Volume 10, Number 7, July 2019, pages 222-223

Syphilitic Hepatitis: An Uncommon Manifestation

Syphilis is a complex systemic disease caused by Treponema pallidum, a very invasive spirochete. It is transmitted through sexual contact, with a high incidence in men who have sex with men (MSM), and is associated with other sexually transmitted diseases (STDs) such as human immunodeficiency virus (HIV) infection [1]. Diagnosis is not made by isolation in culture, but usually depends on serological tests or confirmation of the spirochete in histological samples [2].

It occurs with primary lesion after a latency period of 2 to 6 weeks.
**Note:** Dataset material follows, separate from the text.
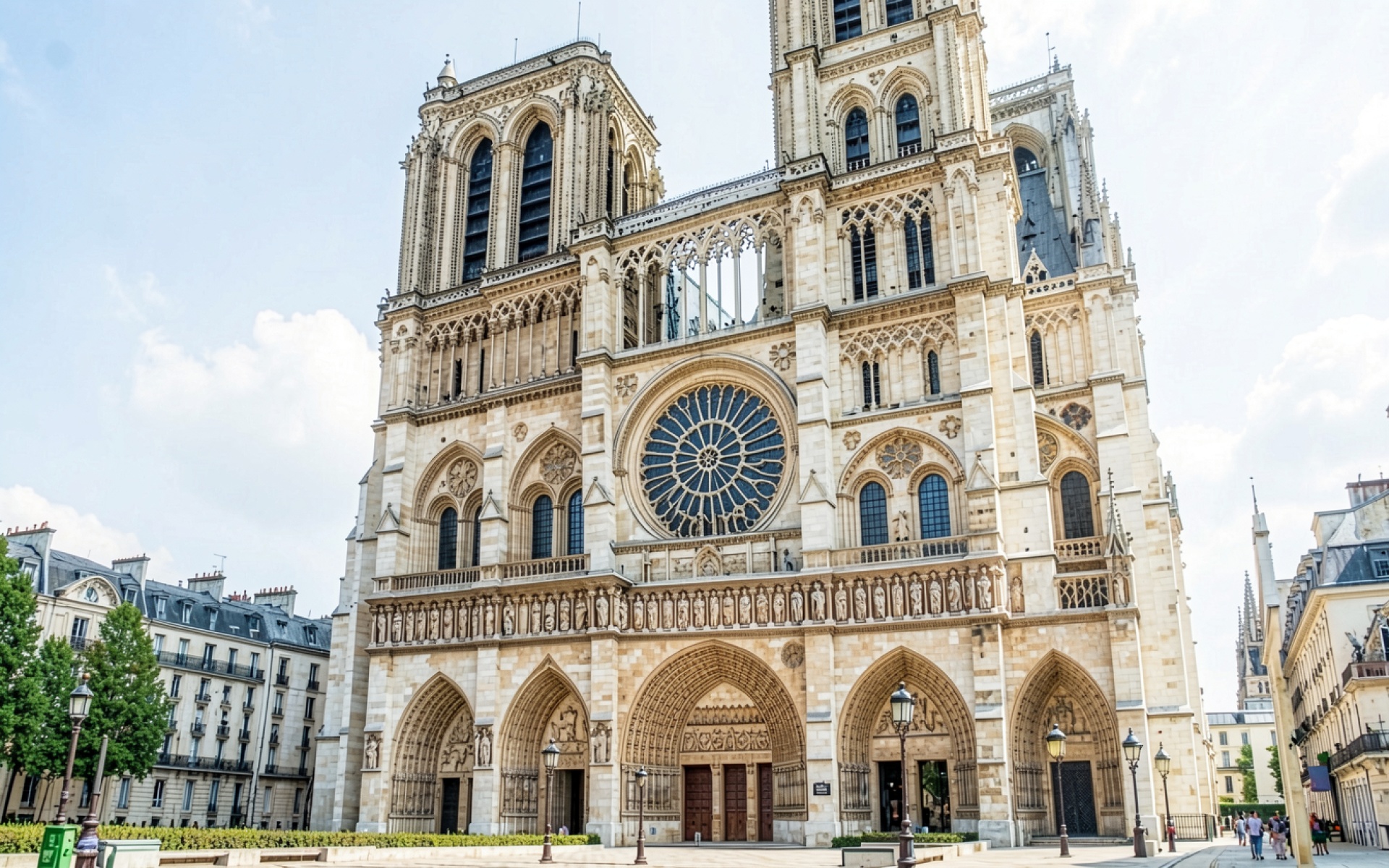 Кафедральный собор Нотр-Дам светлый дневной вид

The secondary phase, disseminated, usually associated with mucocutaneous lesions and lymphadenopathy, may involve any organ [3].

Symptomatic syphilitic hepatitis is a rare manifestation, characterized by a marked elevation of alkaline phosphatase, moderate elevation of transaminases, and no changes in bilirubin. Histologically, portal inflammation and non-caseous granulomas are identified without associated necrosis [4].
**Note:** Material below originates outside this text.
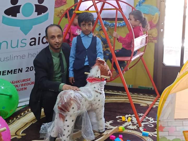 قطاع المرأة والطفل بمؤسسة فجر الأمل الخيرية للتنمية الاجتماعية يقيم اليوم المفتوح للأيتام والذي تمثل بتقديم الدعم النفسي والترفيهي وأفتتح صالة ألعاب للأيتام من أولاد الأمهات المستهدفات في برنامج الخياطة حرفتي عزتي .

The treatment involves the use of benzathine penicillin, with the schedule depending on the stage of the disease and the organs involved [5].
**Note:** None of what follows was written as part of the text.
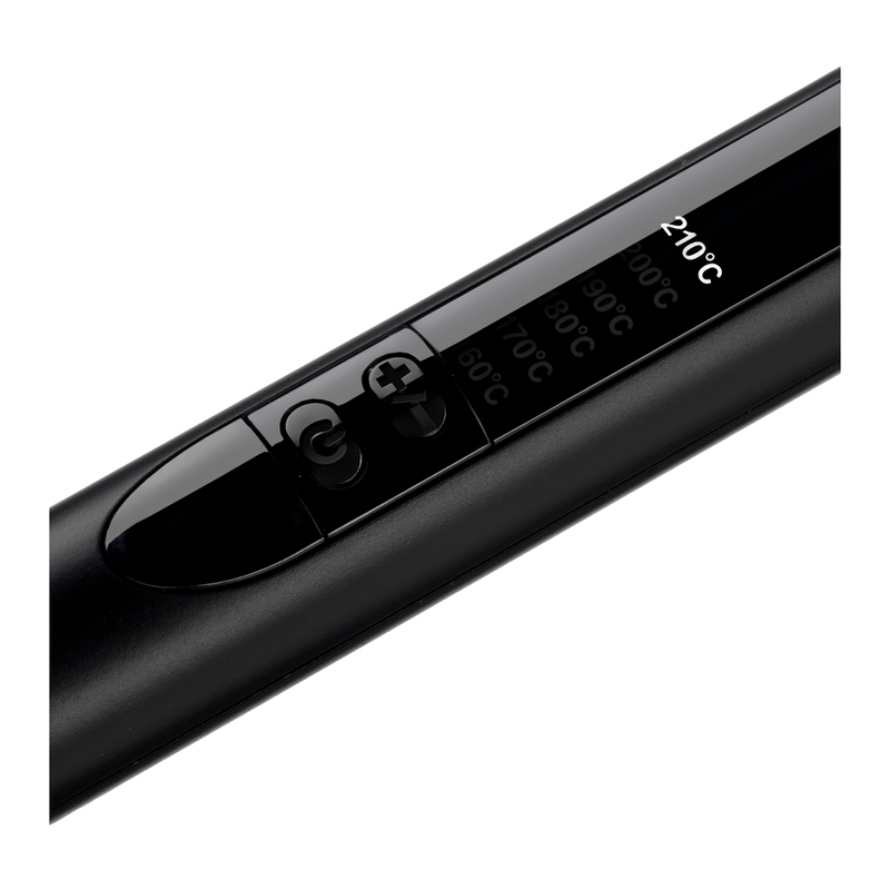 . Roller diameter 25-13mm, 6 temperature adjustments up to 210°C, display, ceramic surface, fast heat-up, auto power off, swivel cord, black pink

A 46-year-old male, leukodermal, MSM, had been followed by a diagnosis of infection with HIV for 5 years, with sustained virological suppression and cluster of differentiation (CD)4+ T lymphocyte count of 516/mm³, under antiretroviral therapy with tenofovir, emtricitabine and efavirenz. The patient had a history of unprotected sexual contacts with multiple partners in previous years.

He was admitted by pruritic maculopapular rash localizing to the dorsal region and the proximal region of the lower limbs, with changes in the evidence of hepatic function. Abdominal objective examination showed no significant changes, such as organomegaly. There was no symptom or signs at the genital level.

From the analytical study, a mixed pattern hepatitis of predominant cholestatic predominance with alkaline phosphatase (308 U/L), with infection screening for hepatitis A, B, C and E viruses was negative.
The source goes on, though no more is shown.